Title : Task of Tau
Author : J. Harvey Haggard
Illustrator : Hardison
Release date : February 6, 2021 [eBook #64473]
Language : English
Credits : Greg Weeks, Mary Meehan and the Online Distributed Proofreading Team at http://www.pgdp.net
Tau was metal. Tau was chemical. Tau was
electrical. Yet Tau could face death like a man.
[Transcriber's Note: This etext was produced from
Planet Stories Summer 1948.
Extensive research did not uncover any evidence that
the U.S. copyright on this publication was renewed.]

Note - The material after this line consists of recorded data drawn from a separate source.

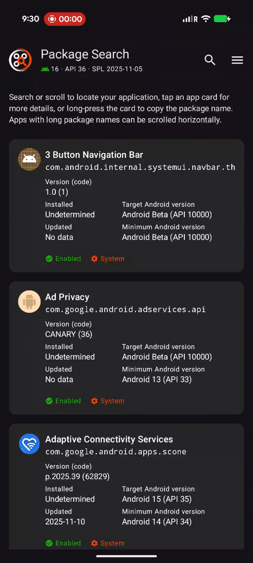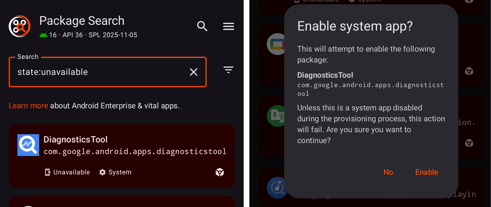 PACKAGE SEARCH is able to selectively enable unavailable system applications for devices running Android 8.0+.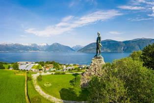 Liten, idyllisk park med fantastisk utsikt over Sognefjorden og med statue av Fridtjov den frøkne!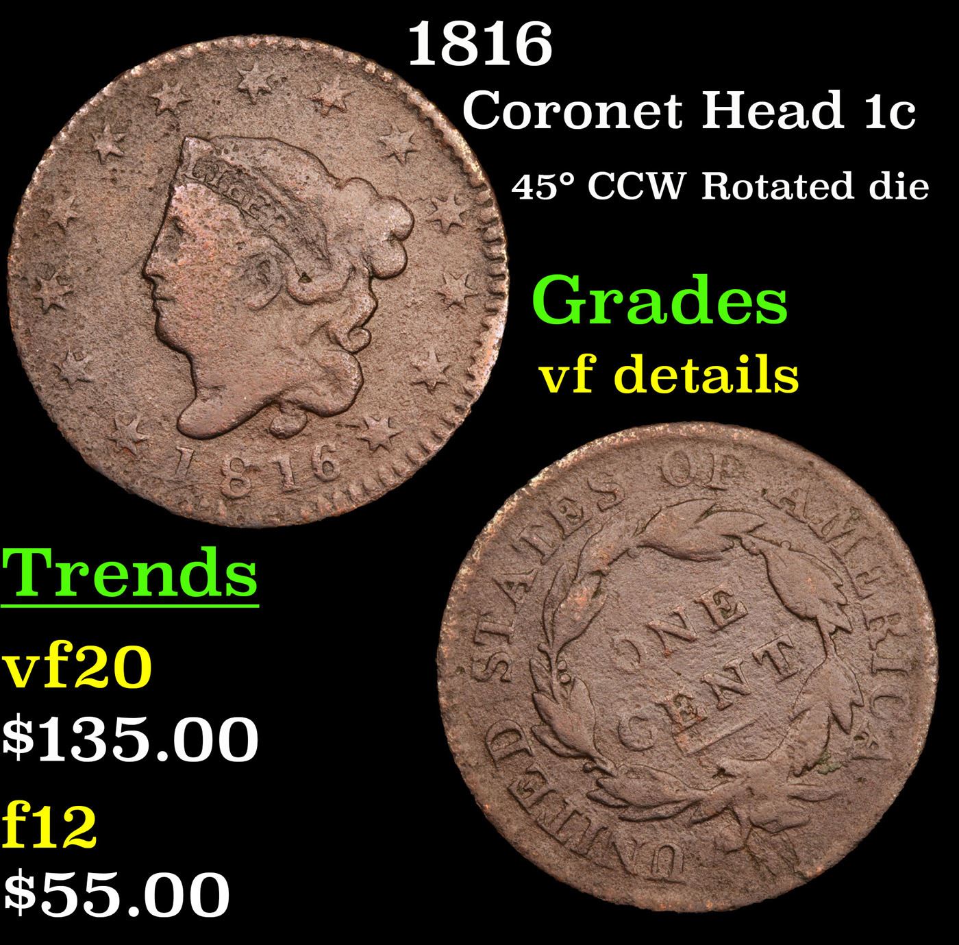 1816 Coronet Head Large Cent 1c Grades vf details.

A gleaming binary swung in the blue sky, sending a moist warmth across the swaying fern-growths of the Fourteenth Planet . Feathered creatures of bright colors flashed through the underbrush and made noises there. A figure came stalking down through the shaded clearings, and small scaly bodies scurried out of sight, leaving ungainly tracks scrawled in the swamp mud.

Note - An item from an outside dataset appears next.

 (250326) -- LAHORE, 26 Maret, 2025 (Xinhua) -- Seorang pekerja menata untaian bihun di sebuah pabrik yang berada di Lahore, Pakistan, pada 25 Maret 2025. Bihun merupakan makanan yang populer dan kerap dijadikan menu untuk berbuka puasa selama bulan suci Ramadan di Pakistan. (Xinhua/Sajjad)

Tau, the metal man, a mechanical half-sentient messenger from the far distant past, strode impassively along, not heeding the smaller creatures of the jungle. He had sighted the tiny habitable world from the distant depths of an outer galaxy, and had moored his space-ship in a clearing that was not distant.
He halted his berylite six-foot body in a leafy glade and let the wind play about his cold outer surface. The lens-cased inscrutable orbs in his head peered about, taking in the scene with photographic detail.
"Life! This is life!" he thought to himself. "This is the life the Master said I would find some day."
Though his memories were of a distant past, of a remote planet, and of the Master whose atoms might lie even now in the etheric dust, Tau remembered with perfect clarity. He could recall the aged countenance of the Master, the broad forehead, the jutting chin, and the determined undertone of his deep voice.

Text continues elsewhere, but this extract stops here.